É
hora de a maioria moderada ajudar o País a evitar o vórtice para o qual tentam
arrastá-lo
O Estado publicou no
domingo 14/3 artigo oportuno de Pedro Malan sobre o desfecho dramático da
tríplice crise – econômica, política e sanitária. Convergindo com os alertas
sobre a necessidade de ação integrada dos moderados para encontrar soluções em
curtíssimo prazo, e com vista às próximas eleições presidenciais, Malan
acrescentou um ponto pouco ou nada abordado até agora.
Trata-se,
segundo entendemos, da necessidade de ir além da discussão de candidaturas e
dar lugar à construção de um consenso programático, uma coalizão de moderados
de diferentes orientações políticas, partidárias e intelectuais. Não será
exatamente isso o que se busca lançando candidatura?
Na
prática, não é o que acontece.
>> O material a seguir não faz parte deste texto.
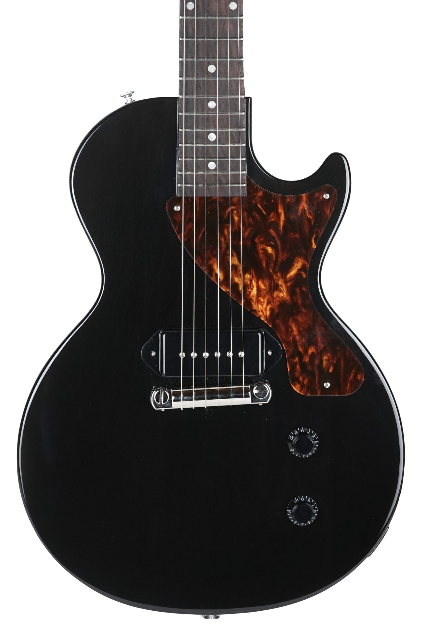 Up for sale is a lightly used 2022 Gibson Billie Joe Armstrong Les Paul Junior in Ebony finish. Cosmetically this one is pretty good less a bit of micro scratching in the finish and a couple of minor dings. Most notable is a ding on the treble side of the guitar near the output jack. This one comes with its original pink Gibson molded case with leopard print inside and a fully professional setup from our in house tech. Weight: 6lbs. 9oz.

Em eleições para o Executivo, sobretudo para a
Presidência da República, candidatos sempre dividem. Cada nova indicação de
candidato divide um pouco mais. A indicação de candidatos e a disputa
prematura, para negociar coalizões partidárias, dividem ainda mais e dificultam
a convergência necessária. Partidos e candidatos servem para competir, e é bom
que assim seja, porque só no despotismo o poder não se disputa. Devemos convir,
entretanto, que nosso país se encontra em situação excepcional, enfrentando,
como vimos, uma tríplice catástrofe – política, econômica e sanitária. Neste
caso, e somente neste caso, nem toda competição é saudável.
Uma
situação excepcional exige que soluções excepcionais, com objetivos positivos,
consensuais e eficazes, se anteponham à necessidade de competir. Existem,
também, “soluções excepcionais” radicais e violentas, sempre justificadas por
aqueles mesmos que provocam o surgimento da radicalização e da desordem,
evocadas para justificar a excepcionalidade.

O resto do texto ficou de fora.